Hall’s findings are that it is impossible to predict life-cycle consumption into the far future. After a few quarterly predictions, consumption should be treated as an exogenous variable. Even with predictions of one or two quarters, any prediction is as good as it gets and can only be slightly improved with current stock prices.
The utility function the marginal utility is assumed to be a linear function of consumption as this implies that consumption follows a random walk apart from a trend. Functional form wise this makes sense as the greater the consumption the greater the utility that should be received, however by now we are aware of diminishing returns and as such should take this with a grain of salt and perhaps a assumption that takes that into account would be a better assumption.

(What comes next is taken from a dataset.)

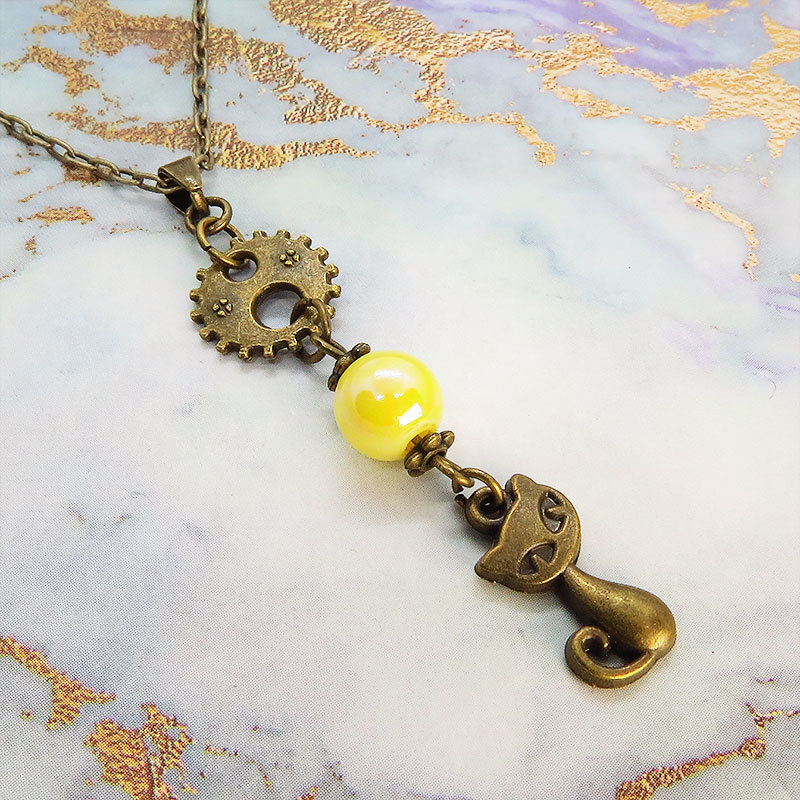 - アンティークカラーの猫と歯車のシンプルで可愛いネックレス イエローカラービーズ スチームパンク風
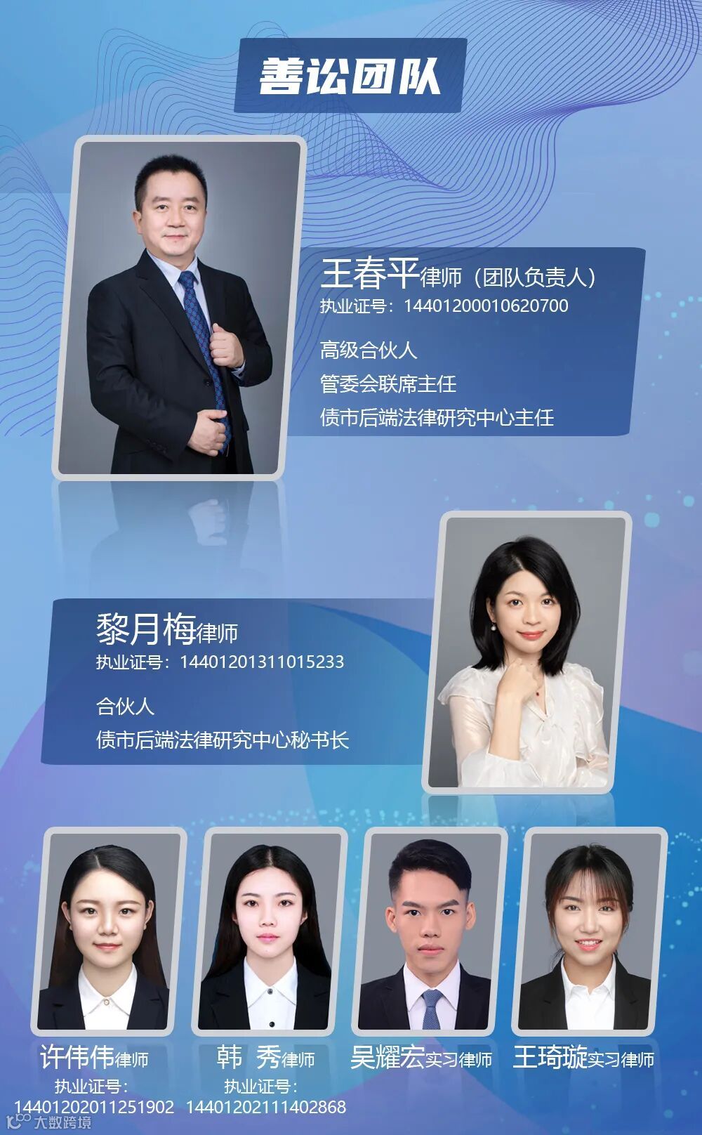 善讼团队由广信君达高级合伙人、债市后端法律研究中心主任王春平律师领衔,合伙人、债市后端法律研究中心秘书长黎月梅律师带队主办,拥有专职律师四人,实习律师二人,行政助理一人。团队以“让人们不讼而‘胜’”为使命,以“做最‘会’诉讼的律师”为愿景,坚持“善思、笃行、高远、协同、出奇、求精”核心价值观,致力于疑难复杂的不良资产交易处置、公司银行金融、房地产/建设工程、民商事诉讼/仲裁、民事及行政交叉案件等领域的研究与实务,经过长期的沉淀,善讼团队积累了丰富的实战经验,形成团队化、专业化、流程化的核心服务优势。

Et u’(ct+1) = [(1 + delta)/(1 + r)] u’(ct)
The data that hall uses is the consumption of nondurables and services in 1972 dollars from the U.S. National Income and Product Accounts divided by the population.
Hall finds that lagged wealth reduces the standard error of the consumption regression function by 20 cents. It is consistent with the permanent income hypothesis, as the hypothesis infers that wealth in previous quarters should have no predictive value on consumption for this quarter, which the results confirm.
Fiscal policy which partly concerned with taxation can have an impact on consumption. These policies must be new otherwise they are already taken into account and they must have an impact on permanent income, like taxes.